Obama embarks on historic Cuba visit
US president arrives in Havana on a three-day trip a year after diplomatic ties were restored.
US President Barack Obama embarked on a historic trip to Cuba on Sunday more than a year after Washington reset its foreign policy towards the island following decades of Cold War animosity that almost led to a nuclear war.
The three-day trip - the first by a US president in 88 years - was unthinkable until Obama and Cuban President Raul Castro agreed in December 2014 to re-establish diplomatic ties.
The US broke off ties with the communist nation of 11 million when Cuban revolutionaries led by Fidel Castro ousted a pro-American government in 1959.
On Sunday evening, Foreign Minister Bruno Rodriguez met Obama at the Jose Marti Airport after Air Force One touched down in Havana, 145km from the southern US state of Florida.
Cuban police, meanwhile, broke up the regular march of a leading dissident group, the Ladies in White, detaining about 50 people hours before Obama arrived. About 200 protesters have been briefly arrested in the past few days.
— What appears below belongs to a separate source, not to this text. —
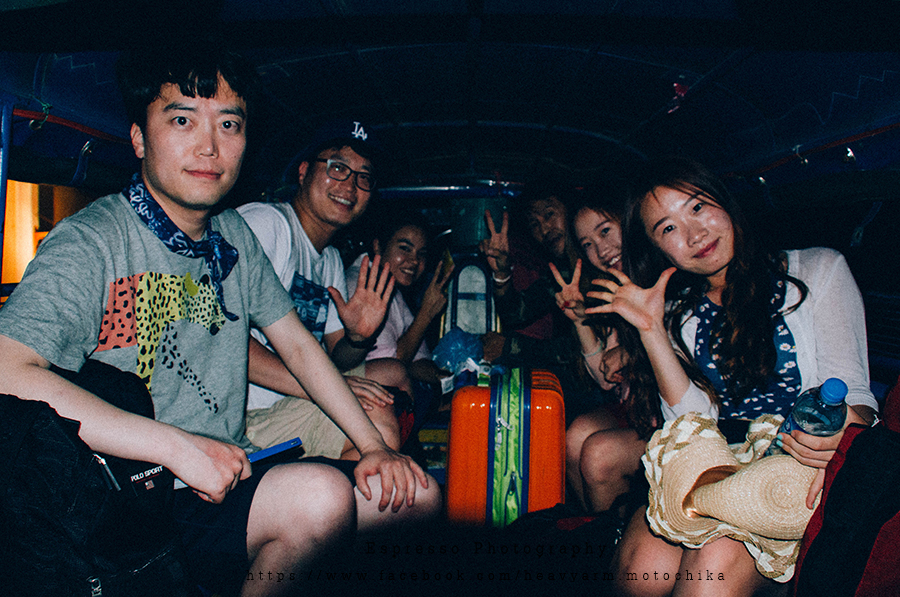 ผมและเพื่อนนัดโรงแรมมารับตอน 2 ทุ่ม แต่นี้มันเรทมากแล้ว ก็เลยต้องหารถไปเอง แต่ด้วยราคารถแถวนั้นที่มาดักรอนักท่องเที่ยว แน่นอนเค้าย่อมชาจราคาอยู่แล้ว ผมกับเพื่อนเลยทำอย่างที่ถนัดคือการผูกมิตร์กับคนใหม่ๆจะได้ร่วมเดินทางไปด้วยกัน และที่สำคัณมันประหยัดด้วย :D  และเราก็เจอ เป็นคนไทย 2 คนที่มาด้วยกัน คุยไปคุยมาได้ความว่าเค้าพักที่ใกล้เราเลย อื๊มดีสิงั้นติดไปด้วยกันเลยจะได้ถูกลงอีก  และก่อนหน้าที่ผมจะขึ้นรถไปนั้นเอง ก็เห็นกลุ่มนักเดินทางชาวเกาหลียืนเก้ๆกังๆอยู่ เลยเข้าไปคุยกับเค้าว่าไปด้วยกันมั้ยอะไรยังไง และก็แน่นอน พวกเราก็เลยตกลงไปด้วยกัน จริงๆ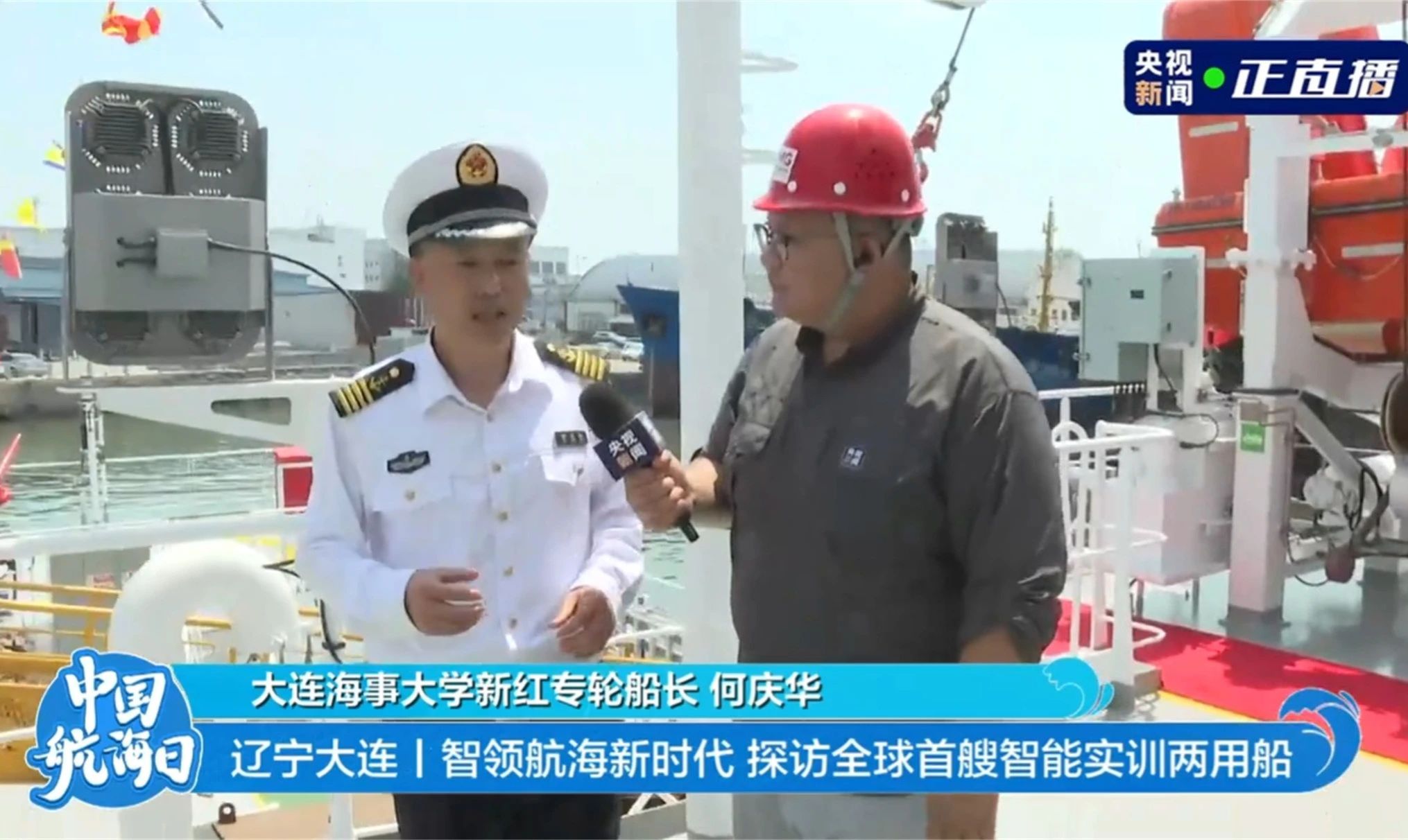 智慧航海,畅行未来,共绘蓝图,向海图强。今天是第20个中国航海日,学校举行“航海向未来”科普活动。央视新闻客户端、微博等新媒体平台对活动进行了全程直播。跟随央视记者的镜头,走进我校“新红专”轮,见证全球首个智能研究与实训两用船的科技光芒。

Obama will meet government critics on Tuesday. The leader of the Ladies in White, Berta Soler, has been invited. She was among those detained on Sunday.
The Cuban government dismisses dissidents as mercenaries seeking to destabilise the country.
Plainclothes police blanketed the capital, Havana, with security while public works crews laid down asphalt to fill potholes, as the island nation prepared a red-carpet welcome for Obama and his family.